Following the 2008 financial crisis, the Dodd-Frank Act amended the BMA to include a statutory factor related to the risk to the stability of the United States banking or financial system.23  The Proposed SOP addresses the evaluation of this factor, which generally reflects the FDIC’s approach since the enactment of the Dodd-Frank Act in 2010.  The FDIC’s assessment of the financial stability factor focuses on:

  • The size of the entities involved in the transaction;
  • The availability of substitute providers for any critical products or services to be offered by the resulting IDI;
  • The resulting IDI’s degree of interconnectedness with the U.S. banking or financial system;
  • The extent to which the resulting IDI contributes to the U.S. banking or financial system’s complexity; and
  • The extent of the resulting IDI’s cross-border activities.

Although size alone may not be dispositive, the Proposed SOP indicates that a resulting institution with $100 billion or more in assets is more likely to present potential financial stability concerns, and thus will be subject to added scrutiny.  The bank failures of 2023 underscore the risks that banks with assets over $100 billion can have for financial stability.


Extensive consolidation has occurred in the banking industry over the last 30 years, and consolidation among both large and small banks is likely to continue in the coming years.
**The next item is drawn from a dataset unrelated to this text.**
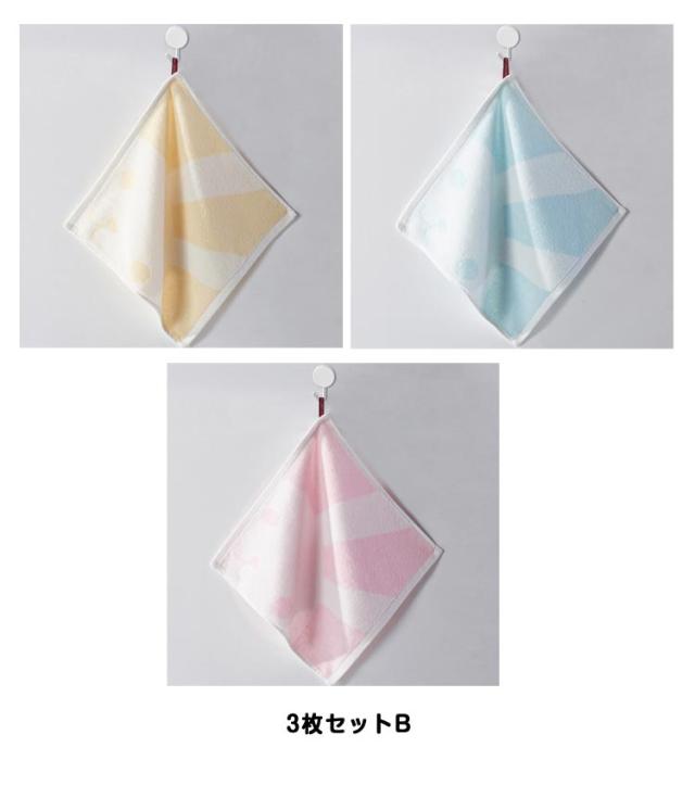 | 3枚セット! ループ付きハンドタオル 肌触りの良い綿!高い吸水性や柔らかい質感で触り心地もよく、毎日使いたくなるようなタオルです。 ループ付で保育園や幼稚園で大活躍! | |
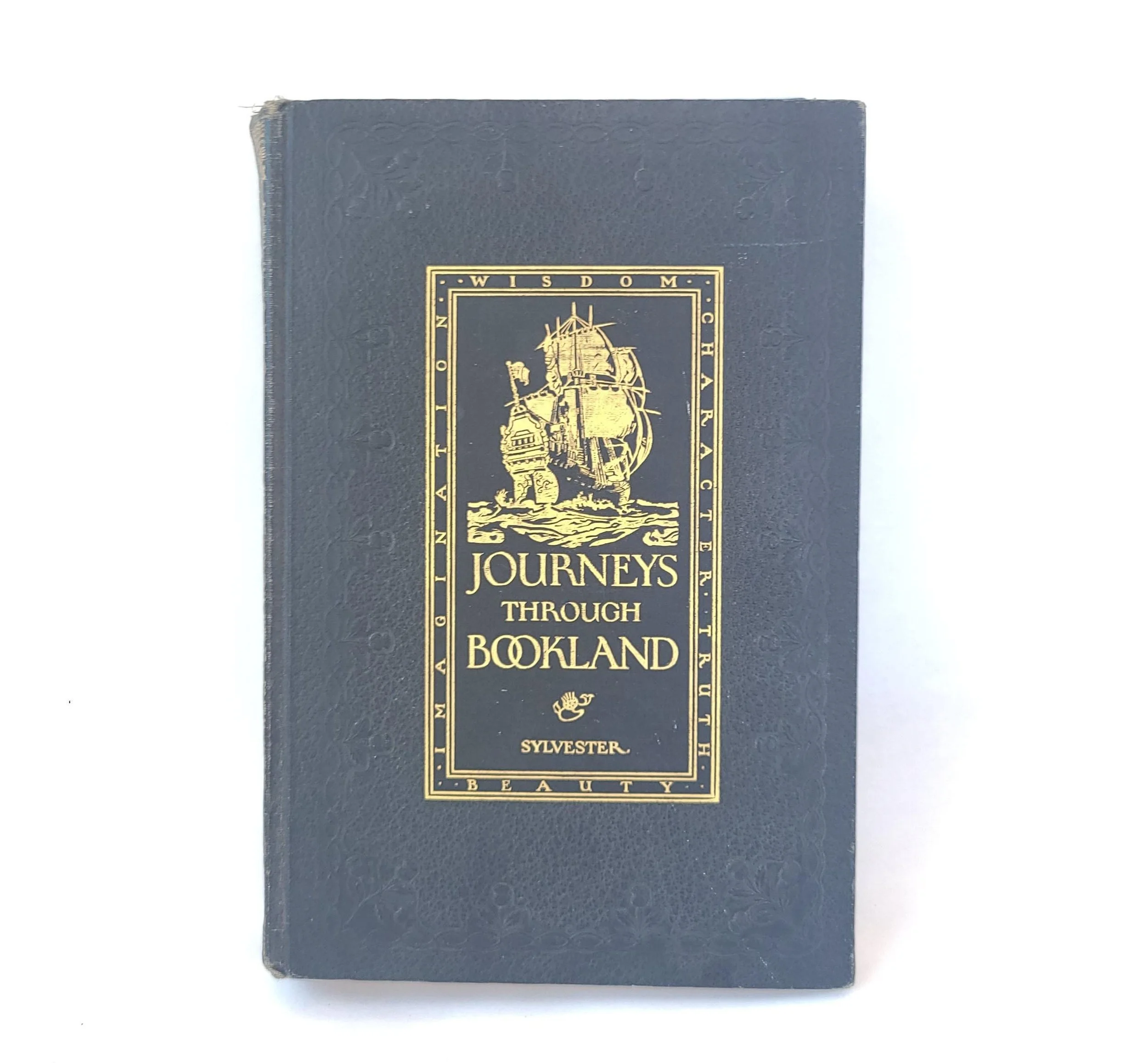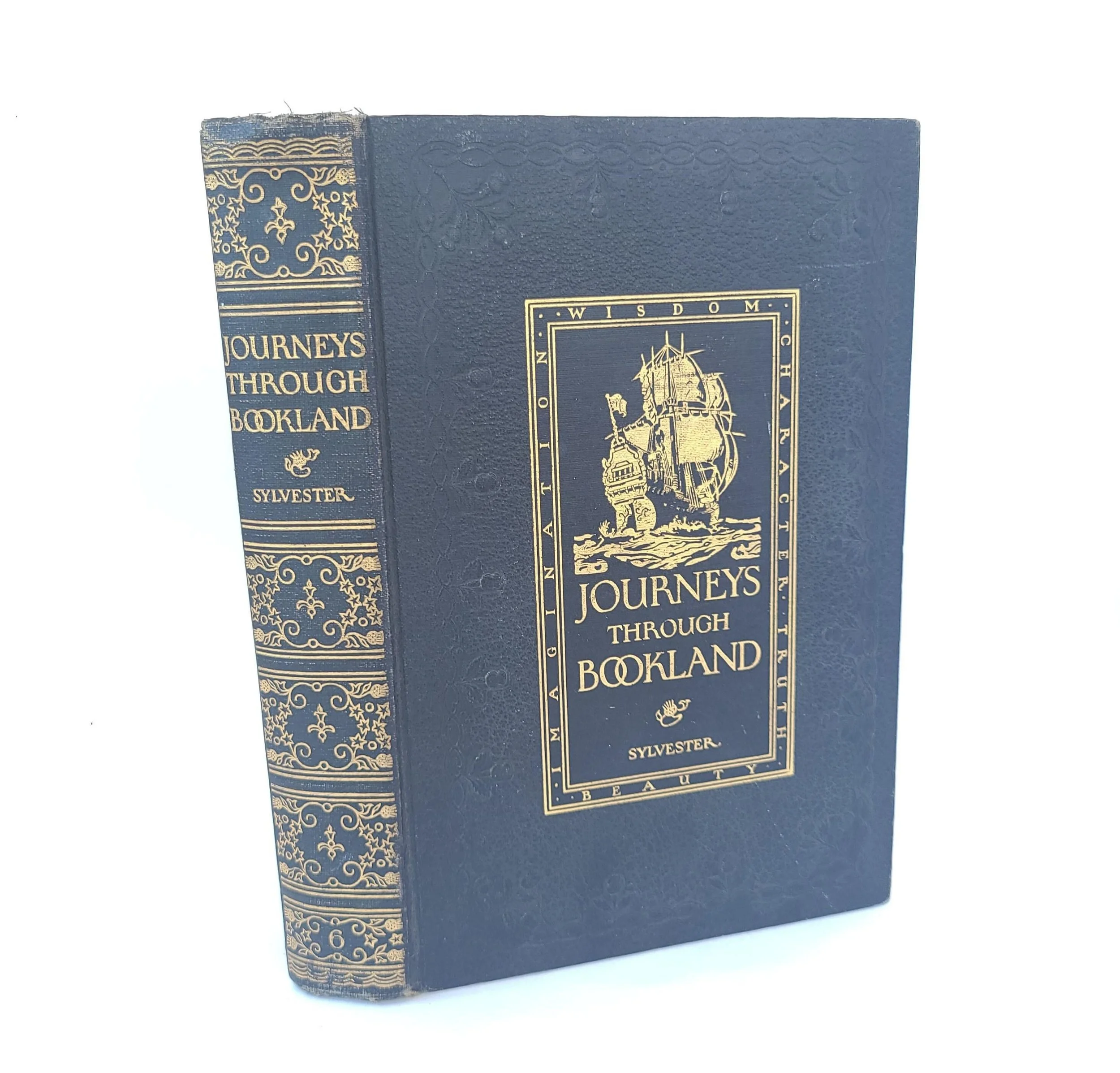 This gorgeous antique 1922 edition of Journeys Through Bookland Volume 6 - A New and Original Plan For Reading Applied to The World's Best Literature for Children was edited by Charles H. Sylvester and published by the Bellows-Reeve Company. Featured in this book are excerpts of classics including Elephant Hunting, The Christmas Carol, Poor Richard's Almanac and many more. The book is in antique condition with the dust jacket missing and some minor wear to the edges of the cover. There are remnants of a sticker on the front end and some spots of discoloration, small tears and creases throughout the book - but the binding is solid and the book has good overall color quality - especially the beautiful illustrations.

In that light, the effectiveness of the regulatory framework in meeting the requirements of the BMA is critical to the future safety and soundness, financial stability, community accountability, and competitiveness of the banking system.  As such, a review of that framework is both timely and warranted. 

The Proposed SOP would update, strengthen, and clarify the FDIC’s approach to evaluating mergers under the BMA.  The comments received in response to the 2022 RFI have helped inform the content of the Proposed SOP, and publishing the Proposed SOP for public comment will give the FDIC an additional opportunity to benefit from public input.  Additionally, concurrent with the Proposed SOP, the FDIC is seeking comment on proposed revisions to its supplemental section to the interagency Bank Merger Act application form.

The FDIC will continue to collaborate with the other federal bank regulatory agencies as it considers the appropriate framework for reviewing bank merger transactions.  The FDIC remains committed to engaging with the public, industry stakeholders, and members of Congress in support of its mission.  Thank you, and I look forward to your questions.